* **Data shown**:
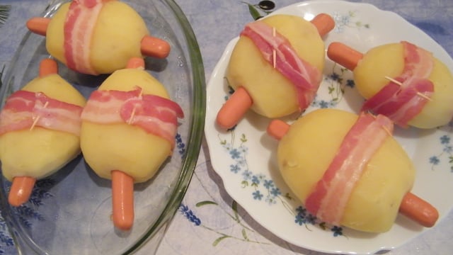 Épluchez les pommes de terre. A l'aide d'un vide-pomme, creusez un 'tunnel' assez large, dans la longueur de la pomme de terre pour pouvoir y glisser, plus tard,une saucisse.
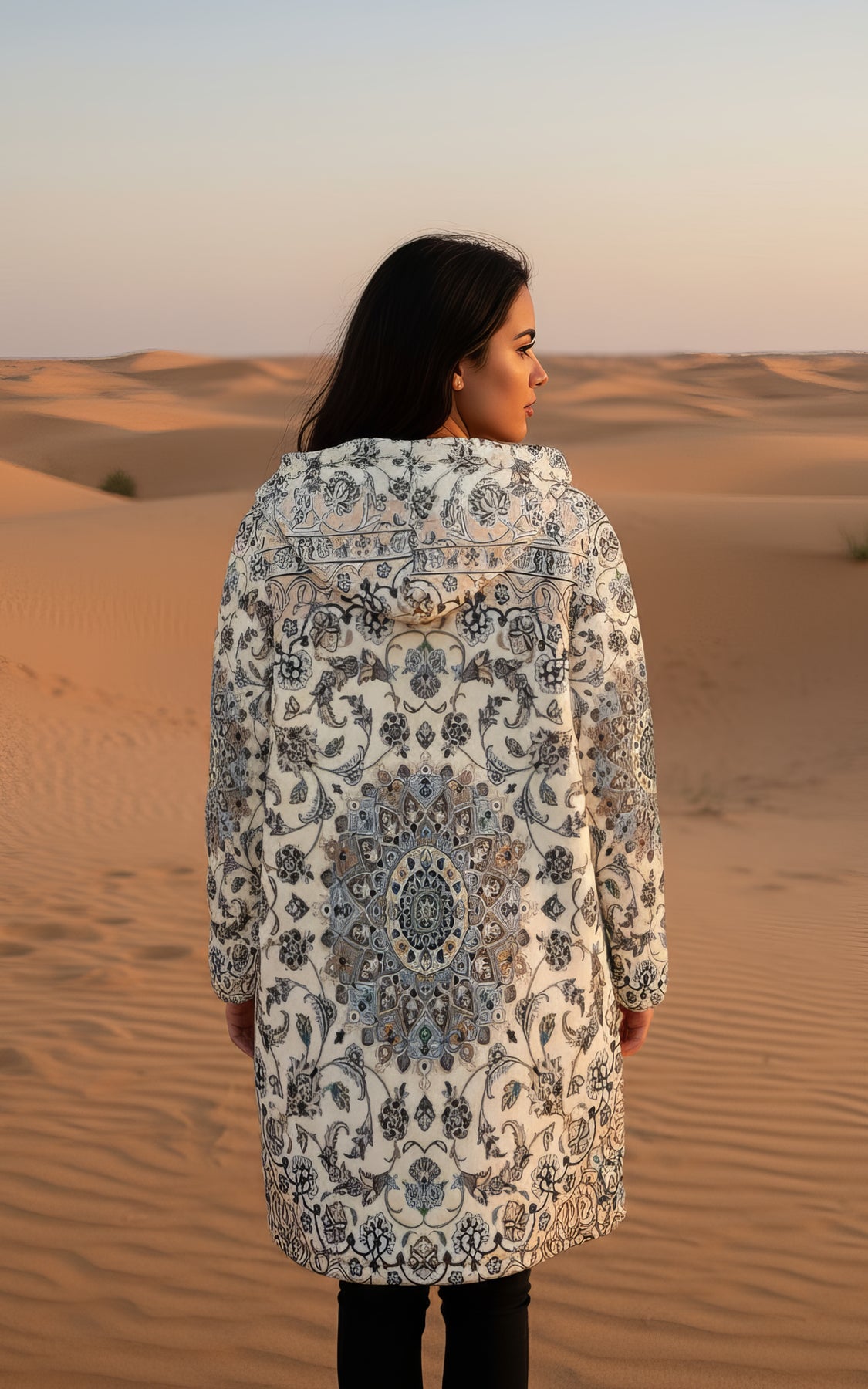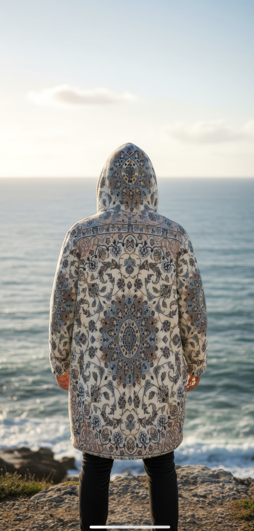Classic Persian Carpet Cuddle Coat | Nain, Cream and Soft Blue | Unisex Minky Sherpa Lined Coat with Hood, Zipper and Pockets | Women and Mens Festival Coat | Mountain Fashion
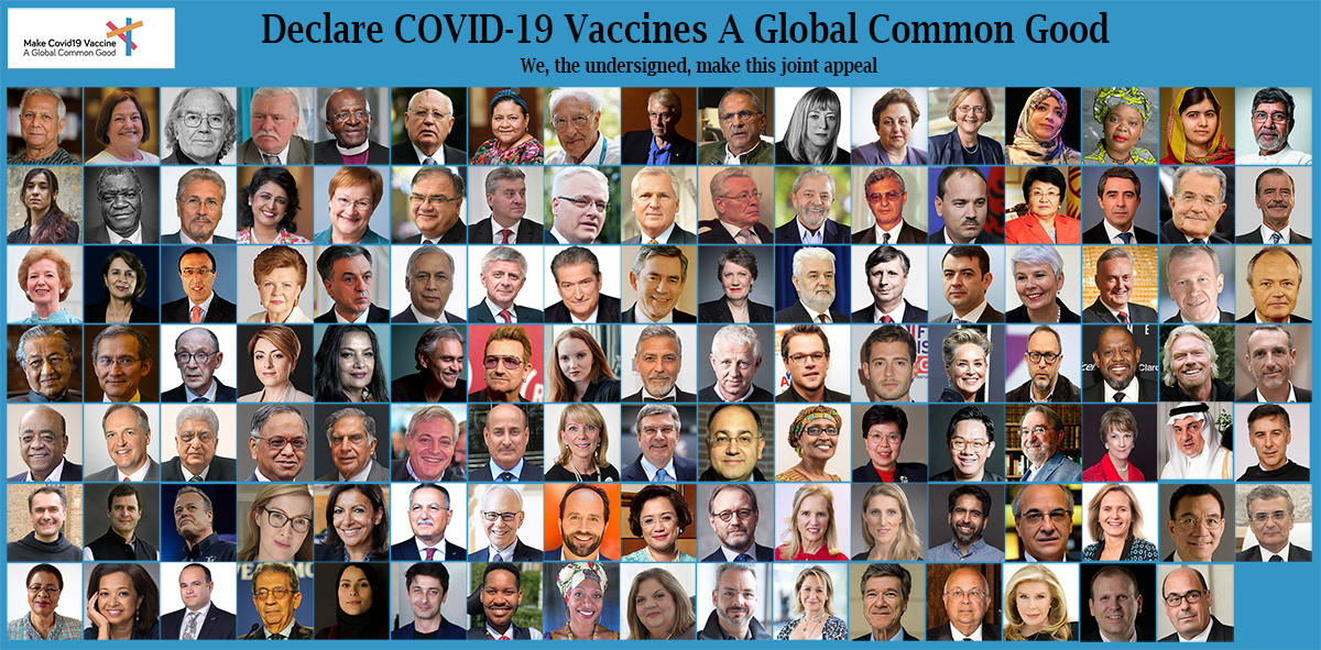 Muhammad Yunus, Desmond Tutu, Mikhail Gorbachev, Malala Yousafzai, Bono, Richard Branson, Lech Walesa, Jody Williams, Mahathir Mohamad, Lula, George Clooney, Sharon Stone, Forest Whitaker, Leymah Gbowee, Mary Robinson, Tawakkol Karman, Ratan Tata, Azim Premji, Shabana Azmi, Anne Hidalgo, Thomas Bach, Andrea Bocelli and other World Leaders Appeal To Declare Corona Vaccine A Global Common Good.

* **Work instruction**: Leaving the images out, retype all the material above exactly.

* **Solution for this task**:
 Épluchez les pommes de terre. A l'aide d'un vide-pomme, creusez un 'tunnel' assez large, dans la longueur de la pomme de terre pour pouvoir y glisser, plus tard,une saucisse.
Classic Persian Carpet Cuddle Coat | Nain, Cream and Soft Blue | Unisex Minky Sherpa Lined Coat with Hood, Zipper and Pockets | Women and Mens Festival Coat | Mountain Fashion
 Muhammad Yunus, Desmond Tutu, Mikhail Gorbachev, Malala Yousafzai, Bono, Richard Branson, Lech Walesa, Jody Williams, Mahathir Mohamad, Lula, George Clooney, Sharon Stone, Forest Whitaker, Leymah Gbowee, Mary Robinson, Tawakkol Karman, Ratan Tata, Azim Premji, Shabana Azmi, Anne Hidalgo, Thomas Bach, Andrea Bocelli and other World Leaders Appeal To Declare Corona Vaccine A Global Common Good.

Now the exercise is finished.